Retype the records below exactly as they appear, but leave out any pictures.

-=-=-

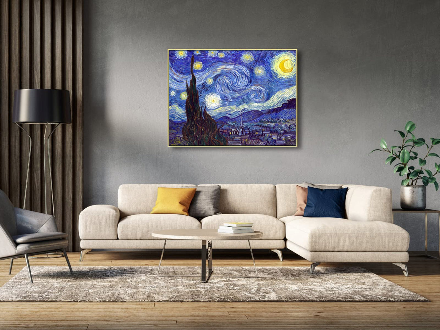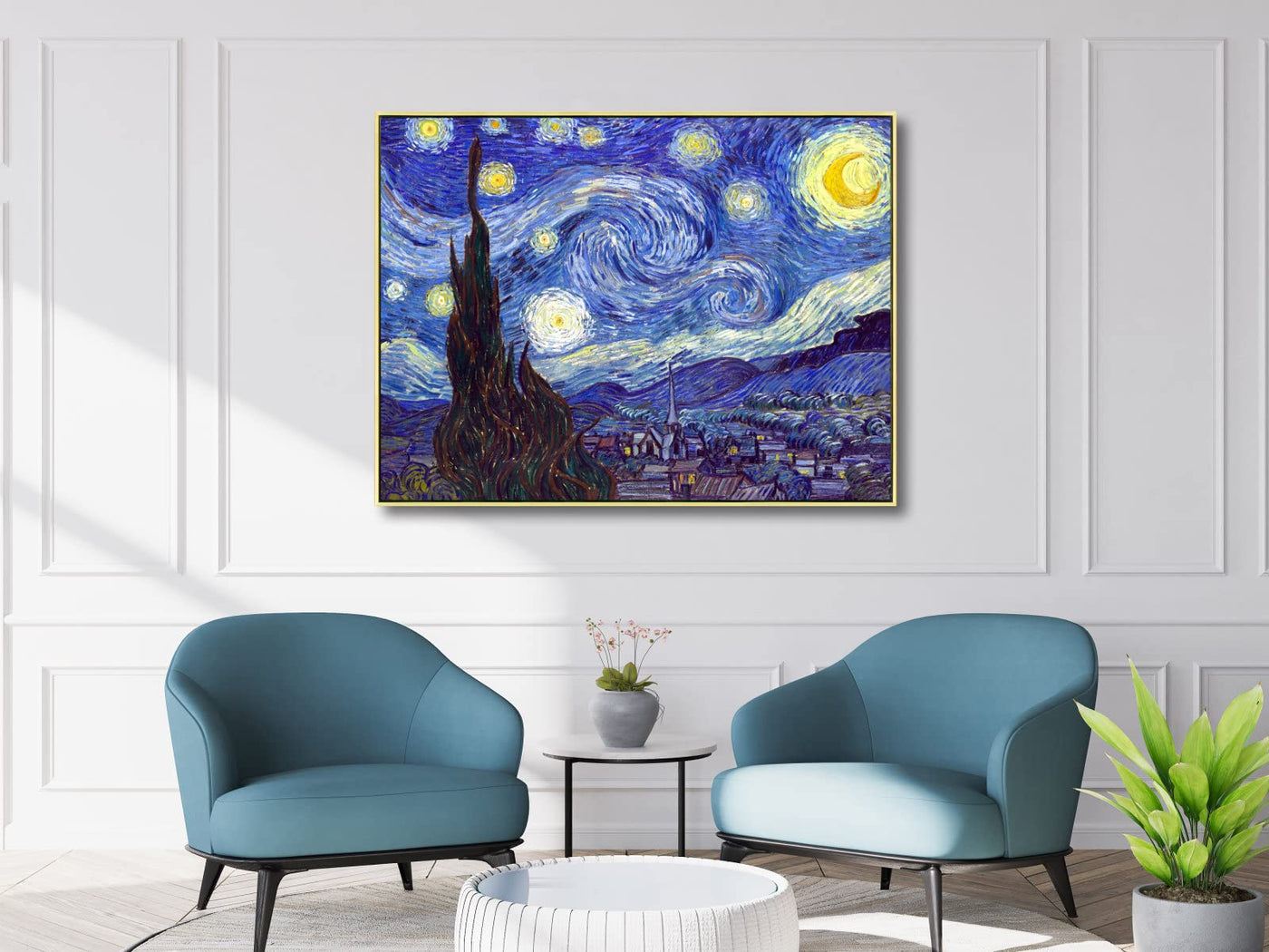 Wieco Art Large Framed Art Giclee Canvas Prints Of Starry Night By Vincent Van Gogh Paintings Reproduction Post-Impressionism Ar
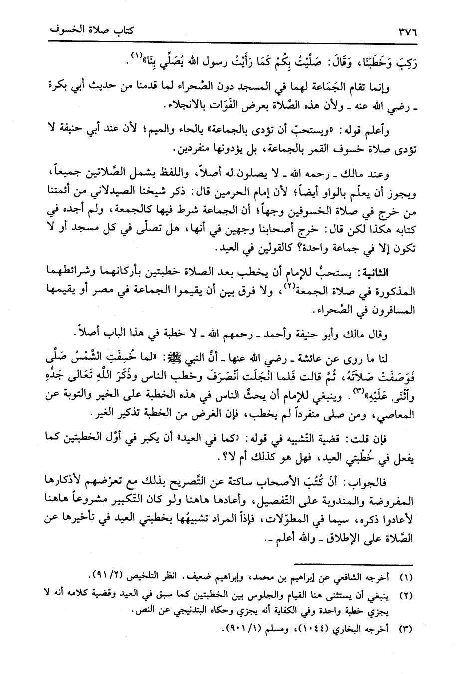 واعلم قوله: "ويستحبّ أن تؤدى بالجماعة" بالحاء والميم؛ لأن عند أبي حنيفة لا تؤدى صلاة خسوف القمر بالجماعة، بل يؤدونها منفردين.
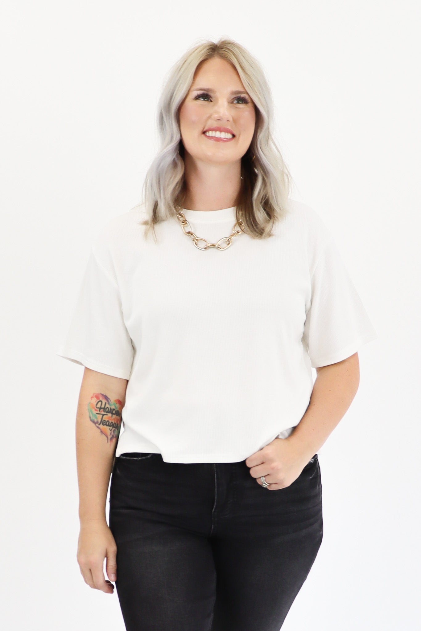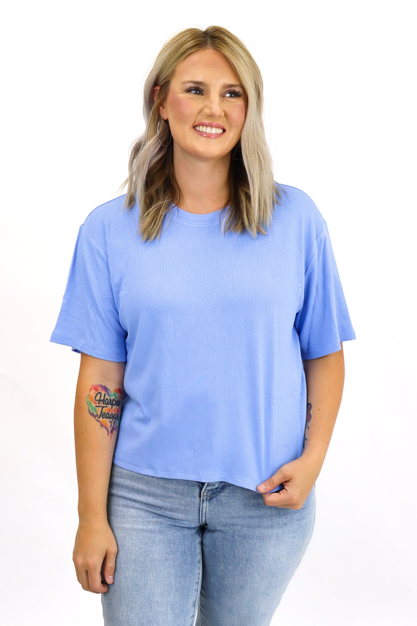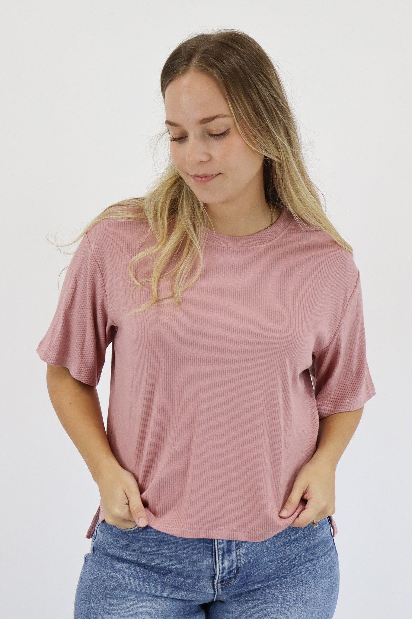 Best. Material. Ever. Stretchy, not clingy, surprisingly heavier weight, and ribbed. This color is perfect for fall and I bought the matching everyday lounge pants to have a cute ‘lil set and I’m obsessed. I own this shirt (and the longer version) in several colors and it’s a favorite in my closet. I am a true m/l in tops, 10/12 in jeans, 36DD bust and this fits perfectly relaxed as intended in the m/l on me.
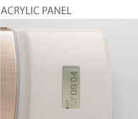 ケータイの表面下部には深い光沢感と透明感を併せ持つアクリルパネルを採用。ケータイの質感をより上質に仕上げました。
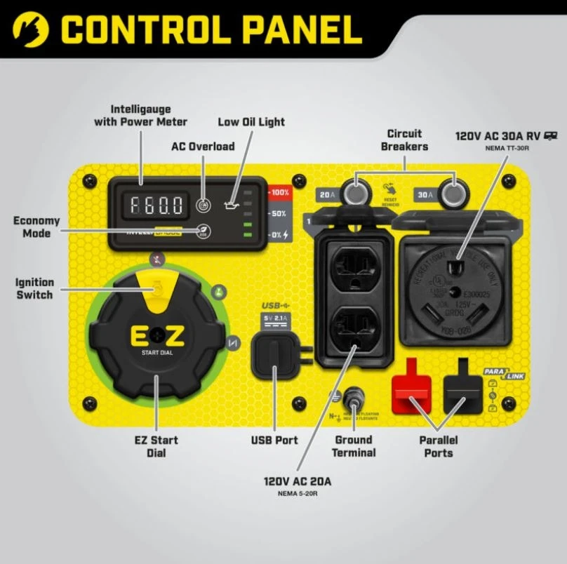 Monitor voltage, frequency and operating hours with ease, plus the EZ Start Dial simplifies startup while Economy Mode monitors power consumption in real time
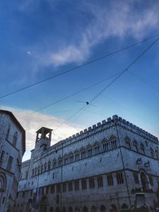Andrea Loreni walks over a steel rope, 40 metres above Piazza IV Novembre, to cover the 110 metres separating Palazzo dei Priori from San Lorenzo Cathedral.
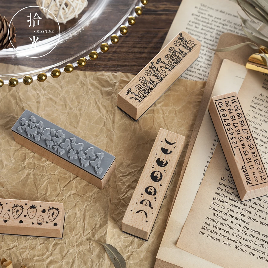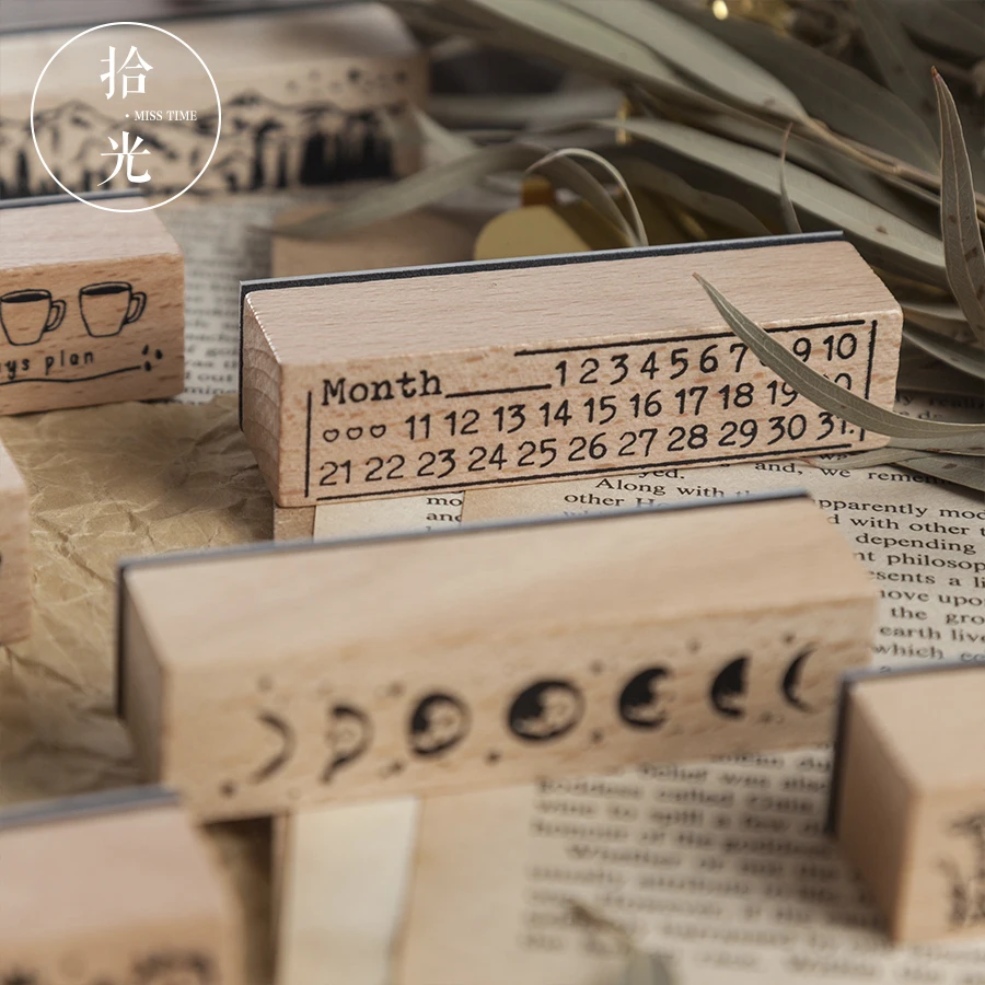 Винтажные штампы, деревянные и резиновые штампы с цветами, планетой, луной, дневник писем, ремесло, Скрапбукинг
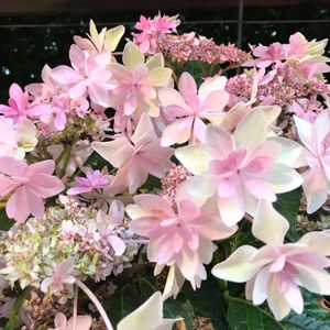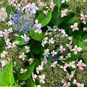 あ〜 なんとも言えない、この色合い😍😍😍 惚れてまうやろ〜😌 とある本屋の庭のアジサイ。去年は木が育っておらずこんな華やかには咲いていなかったはず。 色も形も💘😳 全部がツボなので、上から撮ってみました。 恋に落ちた気分です。

-=-=-

▸ Task output
 Wieco Art Large Framed Art Giclee Canvas Prints Of Starry Night By Vincent Van Gogh Paintings Reproduction Post-Impressionism Ar
 واعلم قوله: "ويستحبّ أن تؤدى بالجماعة" بالحاء والميم؛ لأن عند أبي حنيفة لا تؤدى صلاة خسوف القمر بالجماعة، بل يؤدونها منفردين.
 Best. Material. Ever. Stretchy, not clingy, surprisingly heavier weight, and ribbed. This color is perfect for fall and I bought the matching everyday lounge pants to have a cute ‘lil set and I’m obsessed. I own this shirt (and the longer version) in several colors and it’s a favorite in my closet. I am a true m/l in tops, 10/12 in jeans, 36DD bust and this fits perfectly relaxed as intended in the m/l on me.
 ケータイの表面下部には深い光沢感と透明感を併せ持つアクリルパネルを採用。ケータイの質感をより上質に仕上げました。
 Monitor voltage, frequency and operating hours with ease, plus the EZ Start Dial simplifies startup while Economy Mode monitors power consumption in real time
Andrea Loreni walks over a steel rope, 40 metres above Piazza IV Novembre, to cover the 110 metres separating Palazzo dei Priori from San Lorenzo Cathedral.
 Винтажные штампы, деревянные и резиновые штампы с цветами, планетой, луной, дневник писем, ремесло, Скрапбукинг
 あ〜 なんとも言えない、この色合い😍😍😍 惚れてまうやろ〜😌 とある本屋の庭のアジサイ。去年は木が育っておらずこんな華やかには咲いていなかったはず。 色も形も💘😳 全部がツボなので、上から撮ってみました。 恋に落ちた気分です。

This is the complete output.